CONTEXTUALLY YOURS (article first published : 2003-11-2)

I suppose that this, the fiftieth article in this series, constitutes a milestone of sorts. By a happy coincidence I recently came across an article by Malcolm Venter, a linguist much more erudite than I am, on the same subject as Contextually Yours No 1. My article was entitled “What is Correct English? From Chaucer to Hamlet…” His was called “An Aggravating Situation? What is ‘Correct’ English”?

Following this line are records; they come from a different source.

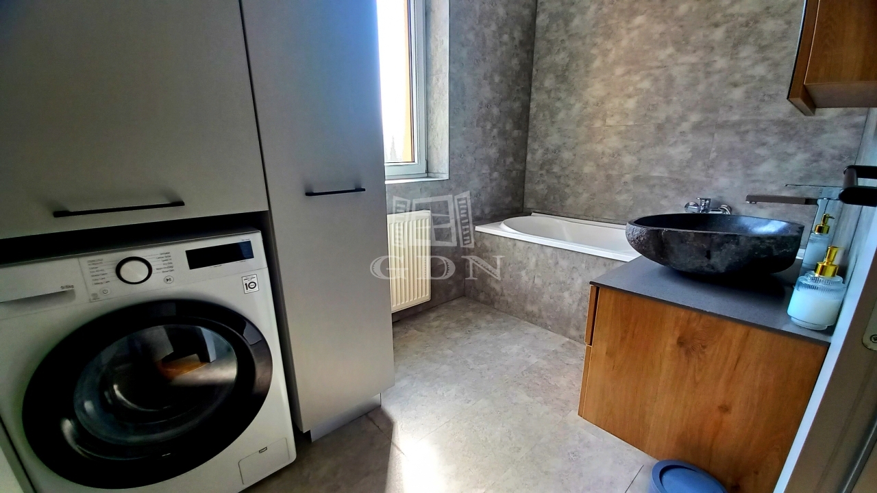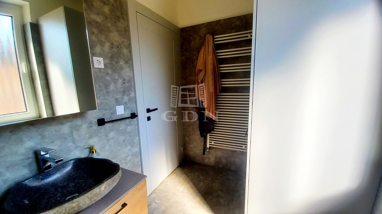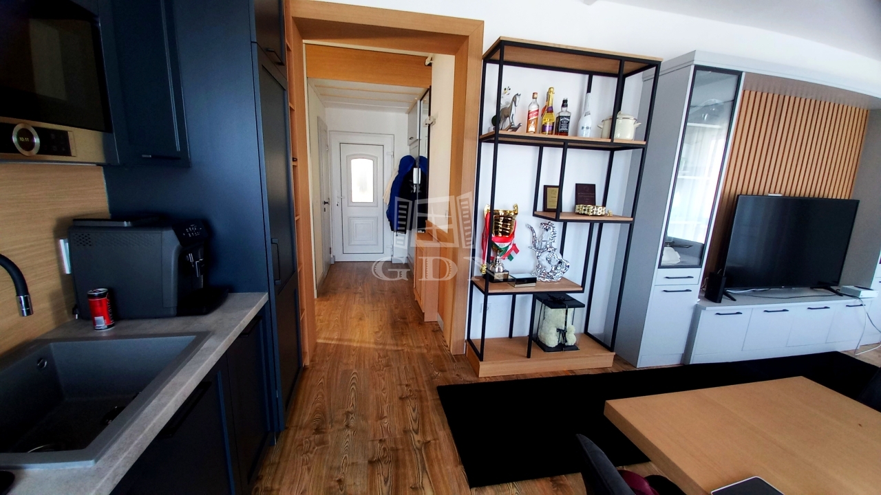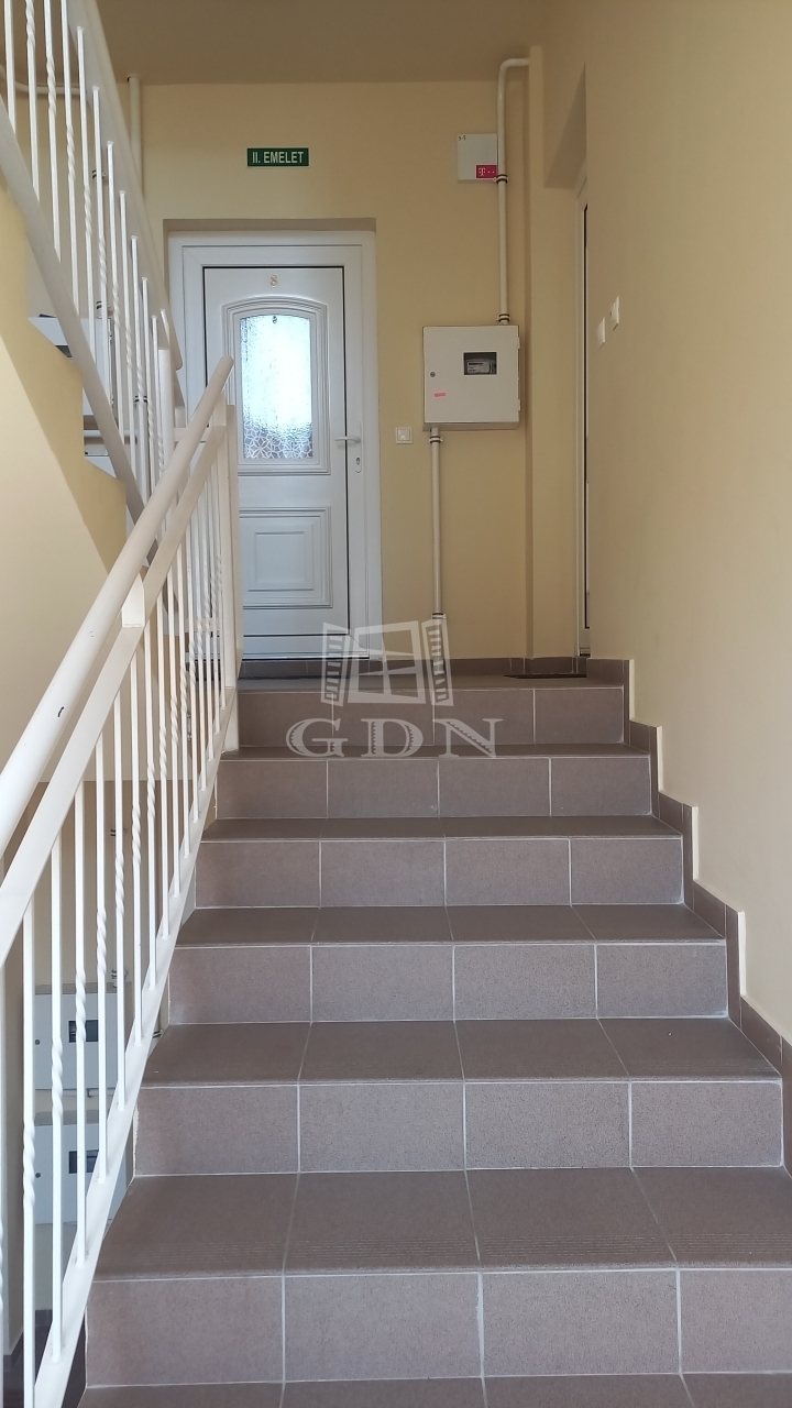 Az 54 négyzetméter alapterületű, második emeleti, gázfűtéses ingatlan modern kialakítású, könnyen megközelíthető, gyakorlatilag pár lépésnyire a közelben lévő két élelmiszerbolthoz (Spar és Coop).
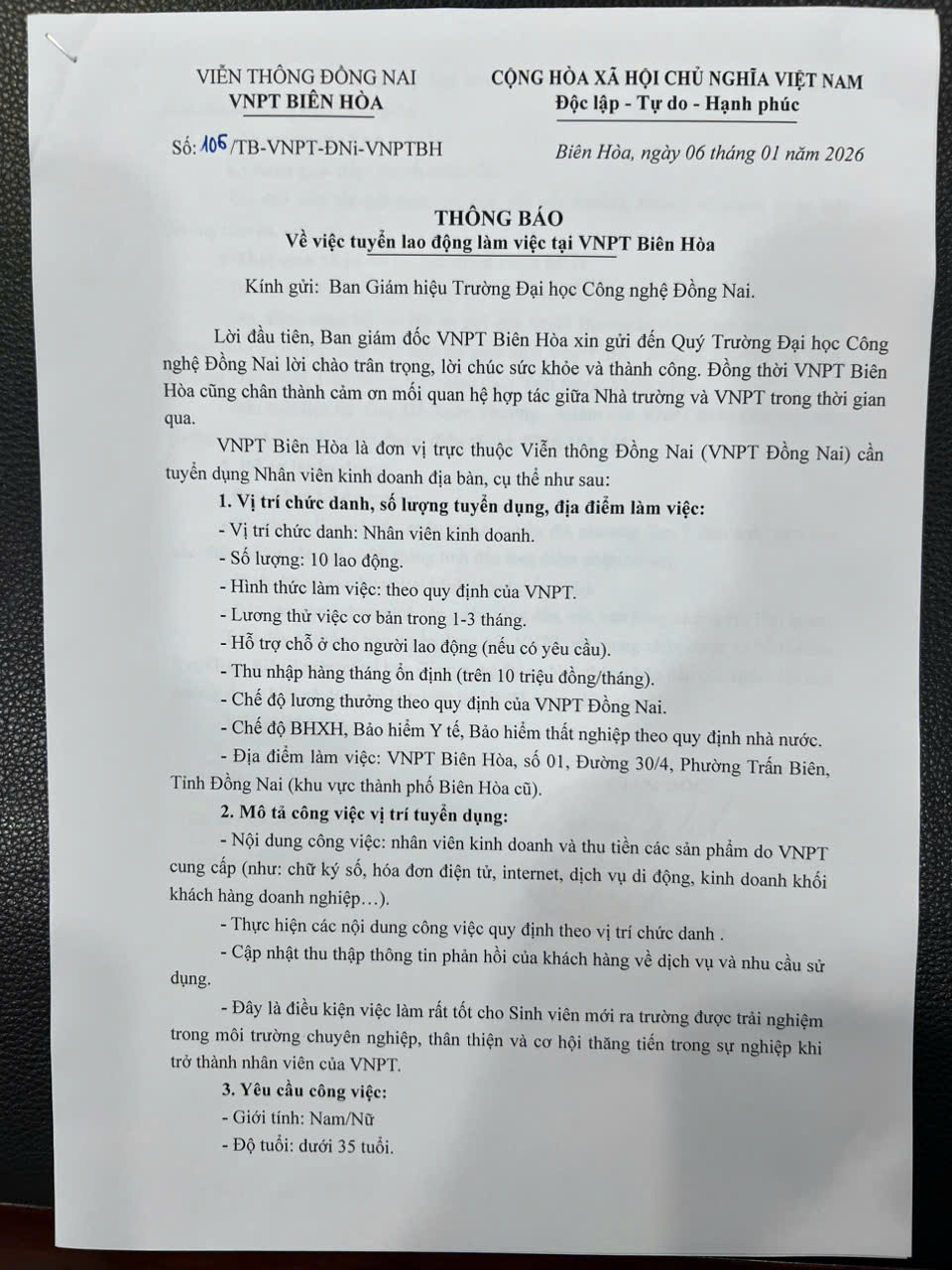 THÔNG BÁO TUYỂN DỤNG, VIỆC LÀM TOÀN THỜI GIAN LẦN 66, NĂM HỌC 2025-2026 (Viễn Thông Đồng Nai VNPT Biên Hòa).
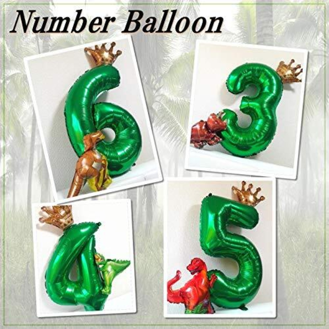 deerzon 恐竜 4歳 数字 バルーン セット 誕生日 飾り付け 男の子 巨大 風船 バースデー 王冠 (数字「4」)

It was a relief to me that we came to much the same conclusions. Languages, English among them, change with time; and, as he put it, “what is correct is what the majority of (educated) native users of the language actually use – some kind of international basis with local variations.” In my own article I quoted a radio programme about words: “(Correct English is defined by) the consensus eruditorum, the agreed opinion of learned men.” That’s close enough for me.

Where Mr Venter and I differ, perhaps, is in his conclusion that “we should celebrate the wonderful diversity of our dialect(s).” In a country with eleven official languages, that diversity is likely to cause more confusion that enrichment. “No (linguistic) form is inherently good or bad; it is society which decides this,” he says. But can present-day South Africa be described as a “society”?

We accept that the language will change, but to describe this process as “growth”, as many people do, is often misleading. I don’t suppose we object very strenuously to new words designed to cope with new demands, such as computer language – download, megabyte, hypertext and so on. But what worries me is the loss (of precision, if not actual meaning) that often accompanies a supposed linguistic gain. If “media” is now a singular noun, what is its plural? And what is a “medium”?

Perhaps all we can do is retard change as much as we can by using our language as well as we know how.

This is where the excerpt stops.